Now it is true that the alternative they voted for, a measure introduced by GOP Rep. Fred Upton of Michigan to remedy recent health insurance cancellations, was fatally flawed. But in a rational world, the openness of these 39 lawmakers could lead to common-sense changes in the law that would actually benefit people.

Here are some excerpts of thinking featured on the Third Way site, written by Jim Kessler and Jim Cowan:

“If you talk to leading progressives these days, you’ll be sure to hear this message: The Democratic Party should embrace the economic populism of New York Mayor-elect Bill de Blasio and Massachusetts Sen. Elizabeth Warren. Such economic populism, they argue, should be the guiding star for Democrats heading into 2016. Nothing would be more disastrous for Democrats.

“While New Yorkers think of their city as the center of the universe, the last time its mayor won a race for governor or senator—let alone president—was 1869. For the past 144 years, what has happened in the Big Apple stayed in the Big Apple. Some liberals believe Sen. Warren would be the Democratic Party’s strongest presidential candidate in 2016. But what works in midnight-blue Massachusetts—a state that has had a Republican senator for a total of 152 weeks since 1979—hasn’t sold on a national level since 1960.

“The political problems of liberal populism are bad enough. Worse are the actual policies proposed by left-wing populists. The movement relies on a potent “we can have it all” fantasy that goes something like this: If we force the wealthy to pay higher taxes (there are 300,000 tax filers who earn more than $1 million), close a few corporate tax loopholes, and break up some big banks then—presto!—we can pay for, and even expand, existing entitlements. Meanwhile, we can invest more deeply in K-12 education, infrastructure, health research, clean energy and more.

“Social Security is exhibit A of this populist political and economic fantasy.”

This is great stuff. You owe it to yourself to check it out. It’s nice to know that there is more out there than Ted Cruz and Rand Paul in response to extreme left-wing Democrats.

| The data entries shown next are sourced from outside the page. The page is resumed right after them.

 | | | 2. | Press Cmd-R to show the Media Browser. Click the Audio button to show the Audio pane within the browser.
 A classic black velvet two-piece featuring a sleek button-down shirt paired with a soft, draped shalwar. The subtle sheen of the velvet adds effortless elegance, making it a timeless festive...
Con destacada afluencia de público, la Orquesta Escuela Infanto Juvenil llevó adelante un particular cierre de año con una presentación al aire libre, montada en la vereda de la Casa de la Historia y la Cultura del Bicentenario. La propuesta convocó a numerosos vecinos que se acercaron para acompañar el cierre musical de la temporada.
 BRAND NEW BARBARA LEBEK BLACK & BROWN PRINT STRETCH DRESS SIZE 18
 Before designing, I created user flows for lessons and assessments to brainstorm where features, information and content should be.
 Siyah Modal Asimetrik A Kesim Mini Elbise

Thursday, December 5, 2013

Sell artwork to pay creditors

Something seems out of perspective as we consider selling a very small portion of the artwork in the Detroit Institute of Arts to raise money to pay off some of Detroit’s bankruptcy victims.

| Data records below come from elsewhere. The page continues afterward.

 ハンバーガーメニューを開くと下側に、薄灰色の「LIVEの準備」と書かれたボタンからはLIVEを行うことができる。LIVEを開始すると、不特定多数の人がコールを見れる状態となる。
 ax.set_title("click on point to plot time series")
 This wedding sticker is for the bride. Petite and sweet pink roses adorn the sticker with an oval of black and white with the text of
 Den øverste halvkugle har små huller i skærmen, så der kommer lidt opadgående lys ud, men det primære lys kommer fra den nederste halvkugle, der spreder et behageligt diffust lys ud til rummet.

The choice is simple: Cut someone’s promised pension benefits or sell city-owned artwork.

Why aren’t we instead asking why any city should have been in the art business to begin with?

Politicians can grandstand all they want to about what a shame it would be to transfer prized pieces of art from the public domain to someone’s private collection. But if that’s the sentiment, perhaps the museum can take up a collection from those people who want to keep these prized pieces  in the DIA to buy the treasurers from the city.

And for the record, the art we are talking about — the city-owned pieces — constitute only 5 percent  of DIA’s collection. To be exact, the city owns 2,781 of the museum’s entire collection of 66,000 works. The city owned portion could raise between $452 million and $866  million, according to Christie’s auction house.

If all of this means Oakland and Macomb counties withdraw their support from the museum as a result, so be it.

People need to understand the nature of a bankruptcy, since municipal bankruptcy is a new concept to all Michiganians. The people, in the form of the city government, made more commitments than they were able to honor. Therefore, grownups have come along to manage the City of Detroit and force it to sell off some of assets so it can pay off  its hapless creditors.

Generally in a bankruptcy, the creditors get much less than they are owed, sometimes only pennies on the dollar. It is up to the bankruptcy judge to determine how much.

If you say the artwork should not be sold — and bear in mind DIA could buy it if the DIA or its patrons could afford it — you are basically saying that there should be $452 million to $866 million less given to creditors — like pensioners on fixed incomes — whose only crime was to place their faith in the city of Detroit and its taxpayers.

This is not rocket science folks. There is a downside when you don’t pay your bills.